Accuracy is low

Hi,

In order to get the excellence certificate, we need to get more than 90% accuracy in our challenges. However, in this challenge, the maximum accuracy achievable on a test set is around 85% using MLP. I know KNN will not provide higher test accuracy but, I need to improve the accuracy of my results. How can I do it and increase it to be above 90% to get the excellence certificate for the same. Pls help out

Thanks

hey @A18ML0031 ,
No one can gurantee you that how you can increase your score.
But as a advice you can try the following.

  1. Try Feature engineering
  2. Use Ensemble models , like random forest they may be of big help.
  3. Use proper Standardization or normalization on your data.
  4. Apply Hyper parameter tuning on your models.

I guess this points can help you increase your score. (specifically 1 and 2. )

I hope this helps.
Thank you :slightly_smiling_face:.

hi, i used feature selection and random forest classifier as well as you have said. My accuracy is still just 77%. Should i share the notebook file?

hey @A18ML0031 ,
yeah please share me that code file, so that i can have a look and also try some ideas and let you know on this all.

Thank You and Happy Learning :slightly_smiling_face:.

Hi, here is the drive link to the file: drive. google. com/file/d/1vgJMCyD27Y4PZq-cc5mEPfZTeiCTf_SW/view?usp=sharing Remove the spaces

i am not able to access this code file , kindly share me at [email protected]
will have a look at it.

drive.google. com/file/d/1vgJMCyD27Y4PZq-cc5mEPfZTeiCTf_SW/view

hey @A18ML0031 ,
There are several things you can try improving.

  1. Feature Selection and Extraction
    You worked with SelectKBest , although in my opinion its not good.
    You can search for others on sklearn , but the best comes if your check the model.feature_importances_
    Like you used RandomForest , then just do , model.feature_importances_ after you have called model.fit . It will give importance of each column respectively , and then you can easily interpret which feature is more important for this model.
    and also , its not always that the given features are enough to work upon. There might be a case that there are some relations between your data that our tree models can’t understand but our mind thinks that relation can be useful. So for that you need to try different feature extraction techniques on those features to generate more features and start working on them and get improved results.
    As an example , you can try concatenating multiple features, dividing one by another , etc.

  2. Which model to use.
    There are several other model that can be used , like GradientBoosting , AdaBoost , ExtraTrees , lightgbm , etc.
    You can search about them more.

  3. Hyperparameter Tuning
    The most important step to be done if you have fixed our features and model.
    This step includes playing with various parameters provided to train any model. You can try gridsearch or randomsearch , any that is convenient to use.

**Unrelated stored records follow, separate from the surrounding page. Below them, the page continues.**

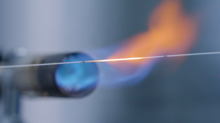 “這根絲超級耐高溫,1200℃的火焰也燒不斷它。它比頭發(fā)絲還細(xì),直徑只有7到12微米,卻能提起5公斤重物?!苯榻B,這根絲可以做成布、繩子、套管、織帶等,可應(yīng)用于石油化工、能源電力、國防安全等多個(gè)領(lǐng)域。10年研發(fā)期間,工作人員做了無數(shù)次試驗(yàn),打了幾萬個(gè)樣品,才讓它硬核出圈,填補(bǔ)了國內(nèi)高性能纖維材料的空白。
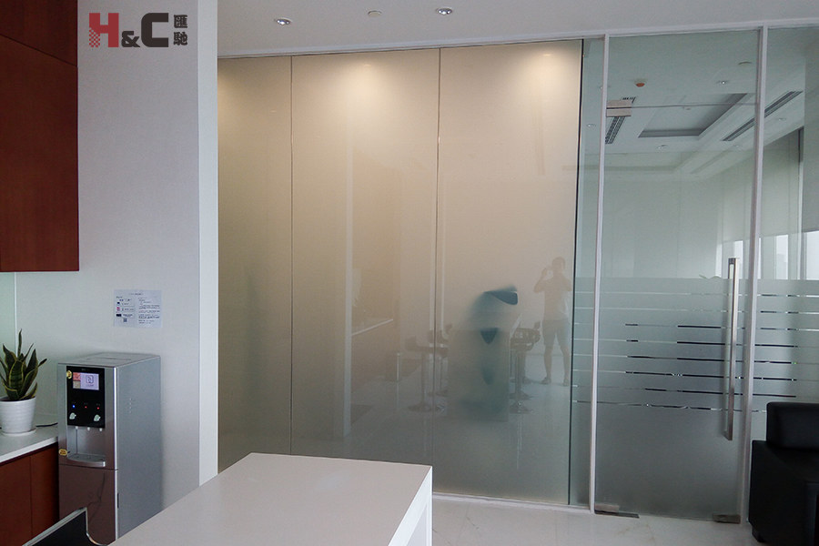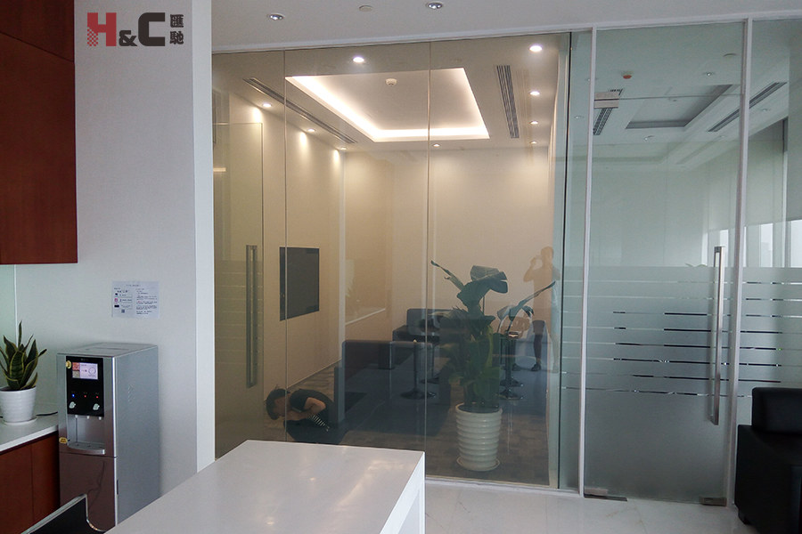 創興銀行的辦公室隔斷應用了我公司的智能調光玻璃。
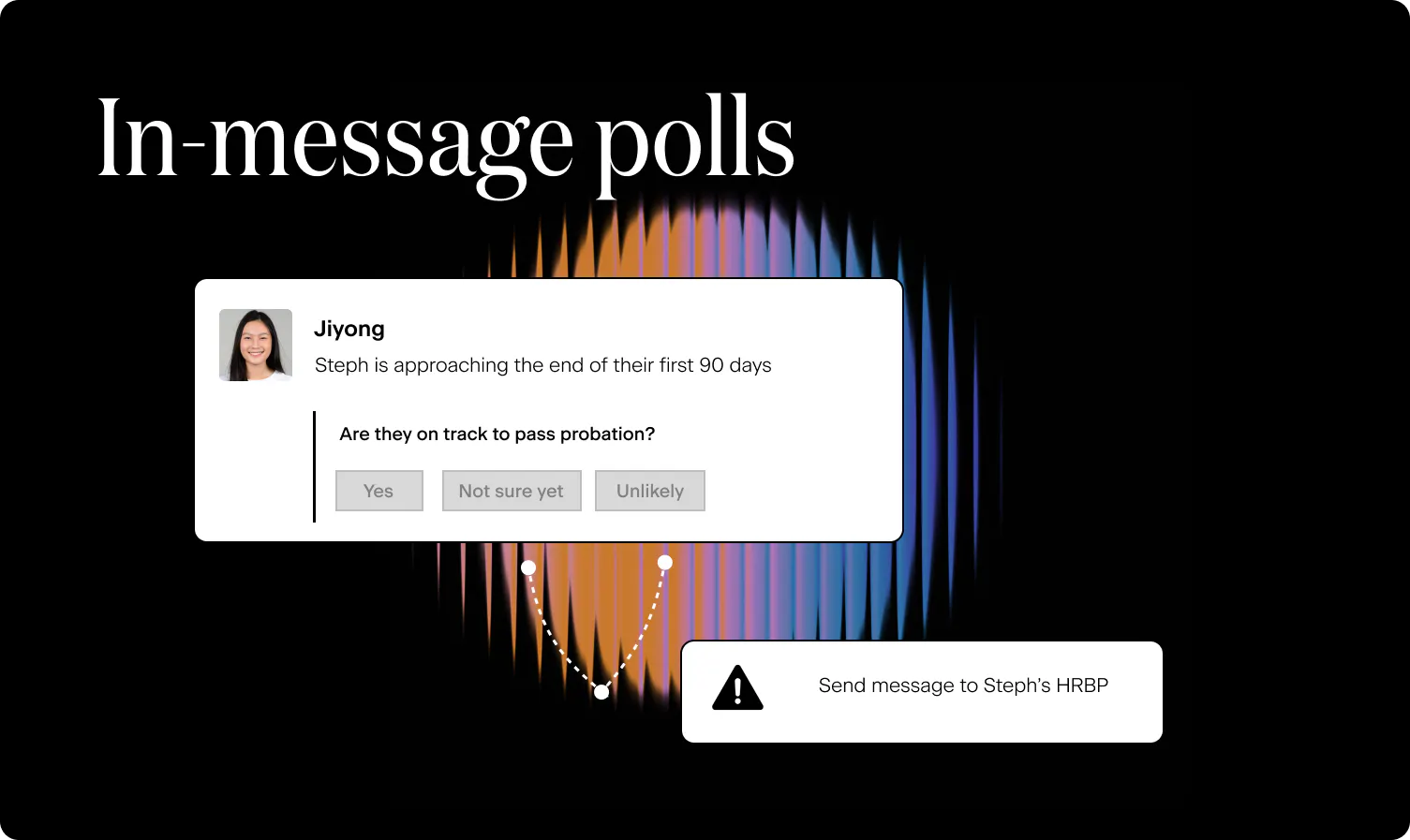 ⏱️ 30–60–90 days (HRIS) → Send polls or check-ins (Slack)
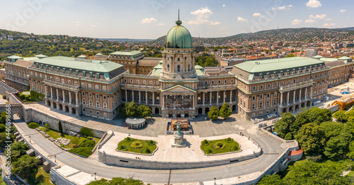 Hungary - Budapest landscape from above with Buda castle, Chain Bridge, Parlament, Danube river, Matthias Church
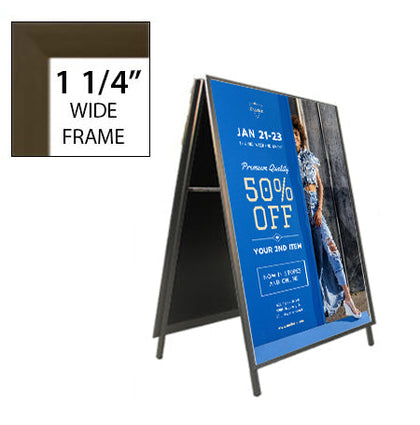 AFrame display stand finishes come in either in Black or Silver. To compliment wide-ranging interior decors, choose from 8 colorful snap frame finishes. Portable and easy to store, the 20" x 28" A Frame Floor Sign Holder Stand easily folds to place onto your desired floor location.
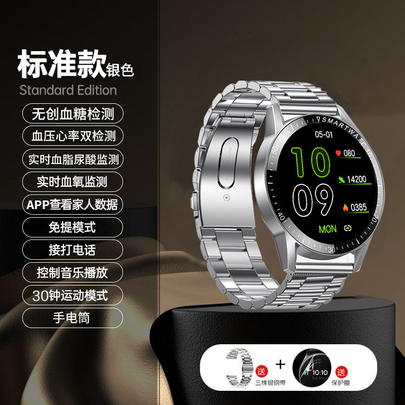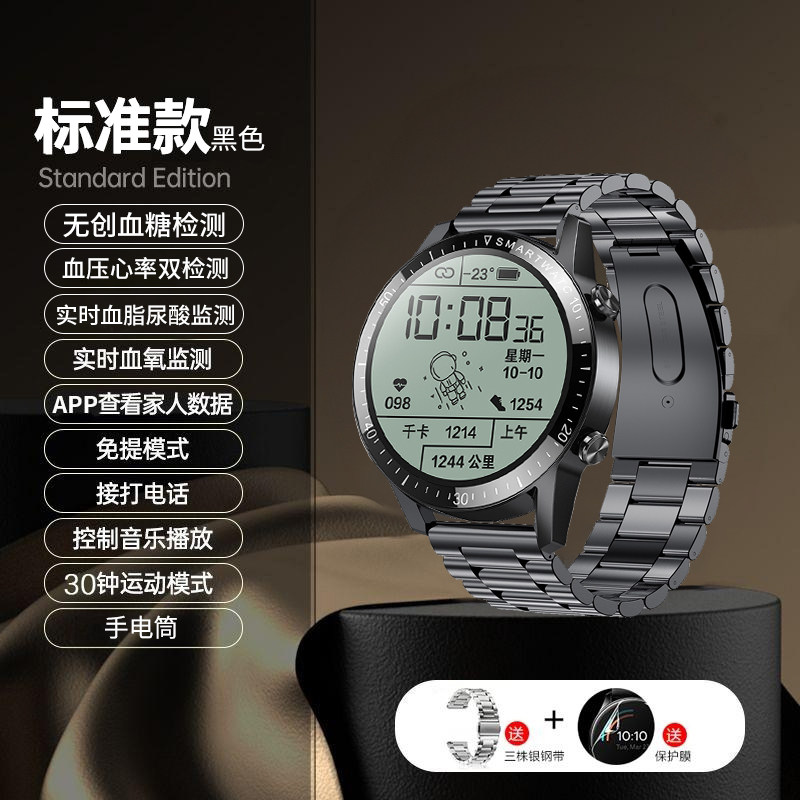 Круглая экрана с высоким уровнем определения глюкозы глюкозы для кровяного давления Смотрение Умная кардиопатическая кровь кислородная кислородная кислорода мониторинг крови браслет Стандартная версия мониторинга липидов крови.

Finally in the end comes , cross validation to check or get an understanding / prediction of how our model will work on unseen data.

I hope these helped you.

Hi, I used the model.feature_importances_ method to check with the important features and removed some of them. Does this removal of columns have to be specific to all the columns like there are columns below 0.1 importance and i removed them all. So, should I try with removing a few of them also to keep a check if I get higher accuracy with a certain set of columns? Also, I have been using RandomForstClassifier only for this as suggested by you. I checked online for the methods other people have used for the same dataset and some have used almost every possible classifier. I didn’t see any classifier achieving accuracy higher than 77%. My accuracy currently is 78% but there are people with 100% accuracy as well. So, for now I should just focus on the columns and the hyper-parameter fine tuning only or is there any other way to get a higher accuracy for this challenge?

Its just a way of checking. We can’t say as for now , that that feature , even having feature_importance_ less than 0.1 , might be useful. So you just need to try it and check how it works.

Try using some advanced models , like LIGHTGBM, XGBOOST or CATBOOST , they are highly effective if provided proper tuning.
Although , you can’t get 100 score , as those are our mentors who have scored that while testing this system.

There also is a concept OOF, in which while we perform cross validation for example for 5 folds.
In each fold , We predict on test data and average it on all folds.
This has always worked much better than others.

You can give it a try. Hope it works.